Clinical SARS-CoV-2 Variant Calling scripts for Wouters et al., 2024.
- FASTQ Files For Each CHLA Patient are deposited under NCBI BioProject PRJNA1087511.
Sample ID | Accession |
---|---|
HP28958 | SAMN40446131 |
HP48587 | SAMN40446132 |
HP28956 | SAMN40446133 |
HP28957 | SAMN40446134 |
HP28961 | SAMN40446135 |
HP28960 | SAMN40446136 |
- Merged_PASS_complete_calls.vcf: Merged VCF for all isolates.
- merged_min11074.vcf: Merged VCF for all isolates excluding site 11074.
- vcf2pmatrix.py: Scripts for extracting variant call matrix from VCF.
- ratio.py: Scripts for calculating REF allele ratio from call matrix.
- variant_plot.R: Scripts for plotting frequency.

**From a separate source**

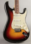 This 1963 Fender Stratocaster is one of the cleanest examples to come through our shop, and remains 100% all original! A slim neck profile offers lightning fast playability along its rich Brazilian rosewood fingerboard, and its original frets still have plenty of life. The neck has never been removed, and we have opted to keep it that way, leaving the decision to remove the neck up to its next owner. Electronics all check out with pots dating to the 24th week of 1964. The plastics are in good shape, however the 3-way switch is a little bit, but still functional. Its beautiful burst is perfectly checked and only shows signs of player wear in a handful of finish dings around the edges of the body. Original back plate, screws and tremolo arm are included in the case. Get your hands on this incredible example of Pre-CBS bliss!
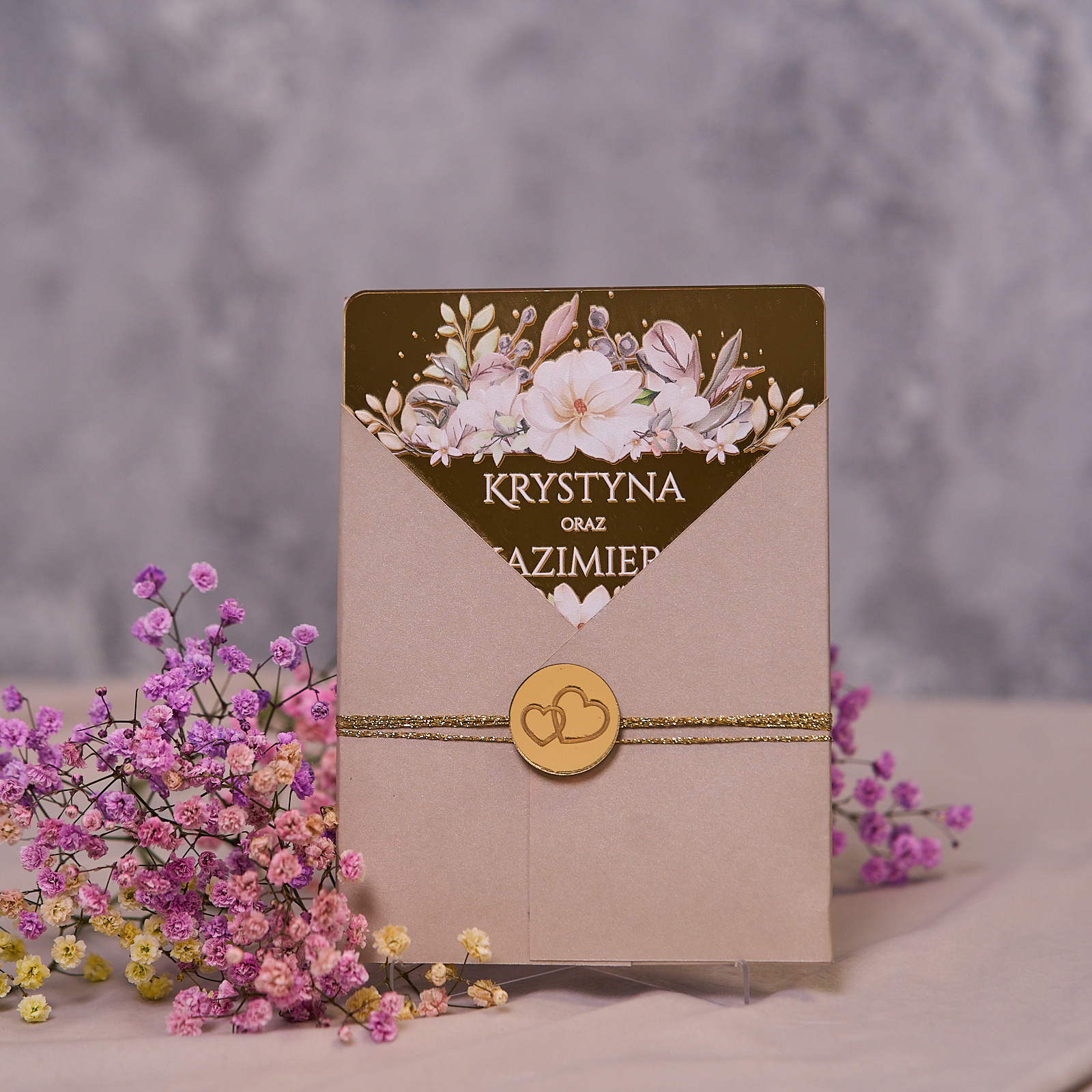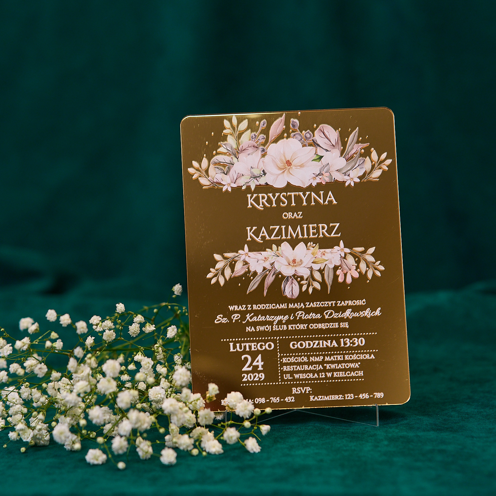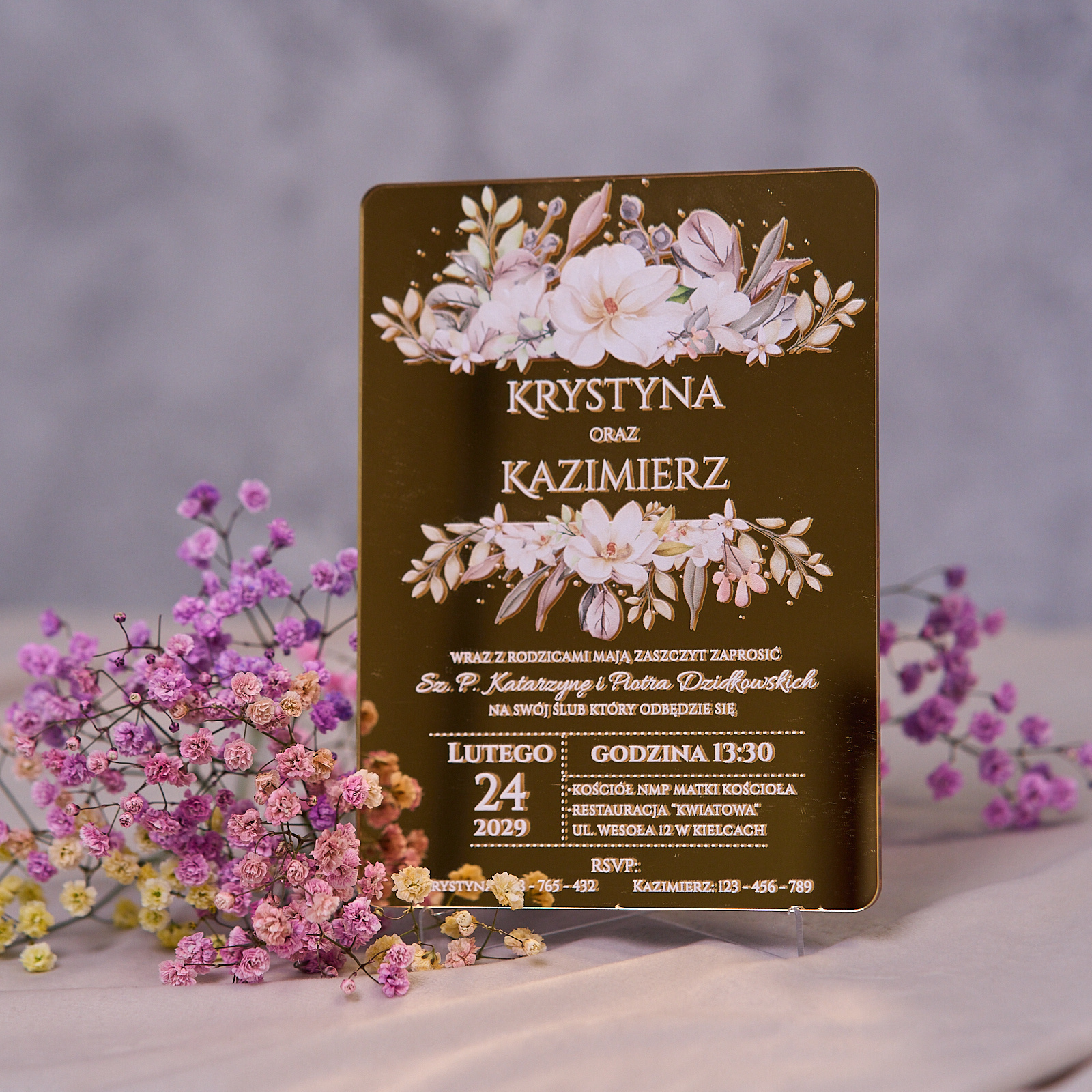 Zaproszenia ślubne PREMIUM wykonane na SZKLE AKRYLOWYM złotym lustrzanym

Viral genomic RNA was extracted, sequenced and subject variant calling using as previously described. Briefly, variants were called using the actic-ncov2019 medeka protocol against reference hCoV-19/Wuhan/WIV04/2019 (EPI_ISL_402124). Variants were manually instepcted against BAM files usig Integrated Genomics Viewer (v2.12.3) and Geneious Prime (2023.1.2 Build 2023-04-27). Resulting variant call files (VCFs) were indexed and merged using tabix (v1.17) and bcftools (v1.17). MergedVCFs were filtered for quality (QUAL ≥ 30) and mono-allelic variant calls. Allele frequency was calculated as the abundance of alternate allele reads over reference allele reads using vcf2pmatrix.py
and ratio.py
. A bi-allelic tandem repeat insertion variant at position 11,074 CT/CCT,C was removed due to visualization constraints and can be viewed in the: Merged_PASS_complete_calls.vcf. Variants were visualized using custom scripts and the pheatmap package (v1.0.12).